Afryka: Wole Soyinka (najpopularniejszy Wilbur Smith)
Trudno jest pisać o najpopularniejszych autorach afrykańskich, bo większości z nich po prostu nie znamy - literatura afrykańska wciąż jest w Polsce (ale nie tylko u nas) ignorowana i spychana na margines. Najbardziej znane są najprawdopodobniej dwa nazwiska - pochodzącego z Nigerii (największego kraju na kontynencie afrykańskim) Wole Soyinka i urodzonego w Republice Południowej Afryki Johna Maxwella Coetzee . Obaj wyróżnieni zostali literacką nagrodą Nobla - Soyinka w 1986 roku, Coetzee zaś w 2003.
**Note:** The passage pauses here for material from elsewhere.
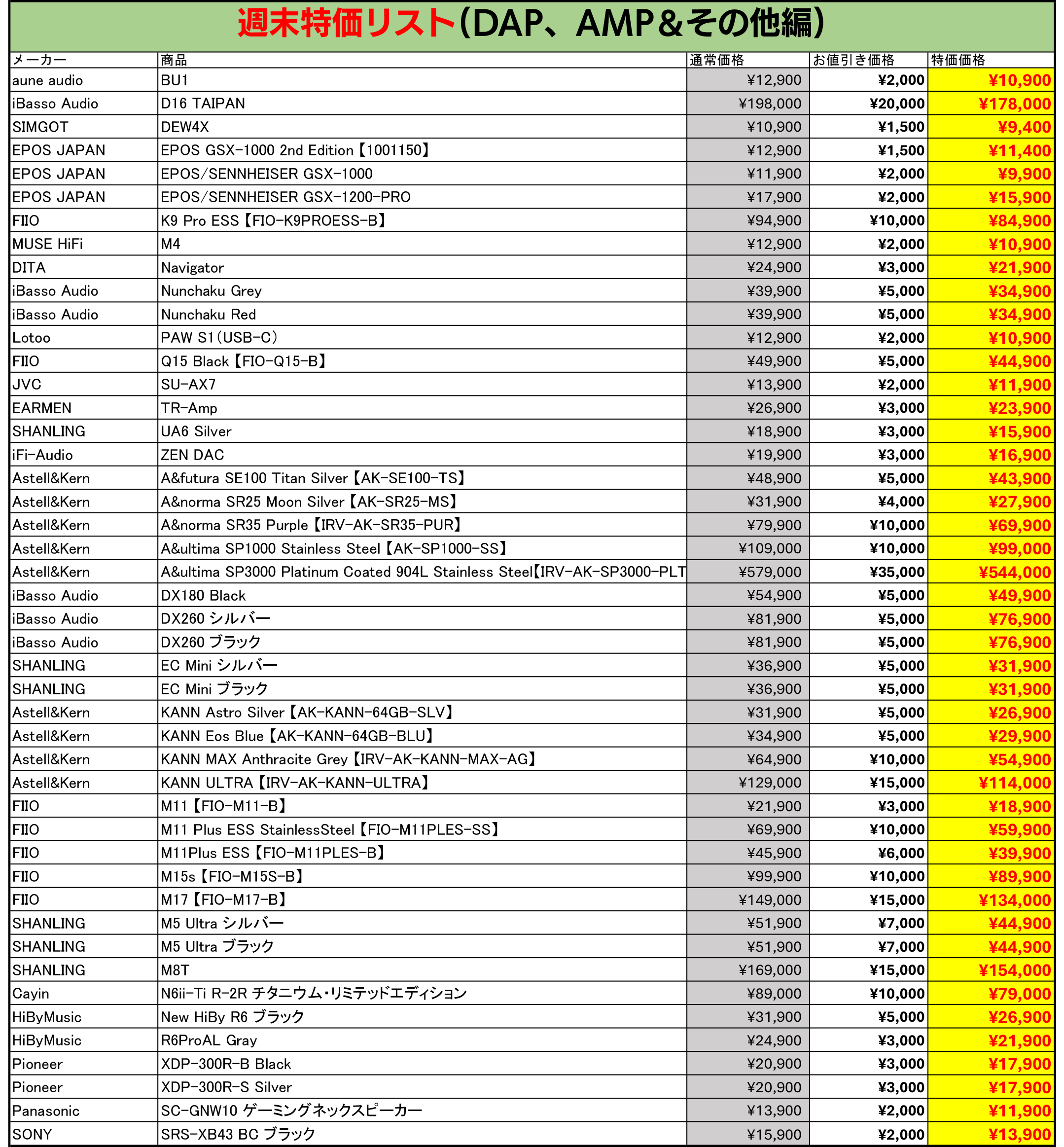 (従来の「週末特価」と「新品セール」の内容をまとめたページとなります。)

Jednak największy sukces finansowy odniósł pisarz bez Nobla na koncie - Wilbur Smith . Ten pochodzący z Zambii (dawnej Rodezji Północnej) twórca, jest autorem powieści przygodowych rozgrywających się w Afryce. Często odwołuje się w nich do skomplikowanej historii tego kontynentu i tłumaczy skąd w zasadzie wzięli się na nim Holendrzy i Anglicy (sam Smith jest białym potomkiem kolonizatorów).
Dziennikarze brytyjskiej gazety "The Telegraph" podawali niegdyś, że powieści Smitha rozeszły się w nakładzie 80 milionów egzemplarzy, nie zgadzali się z nimi dziennikarze "The Herald", którzy twierdzili, że właściwsza jest liczba 100 milionów egzemplarzy.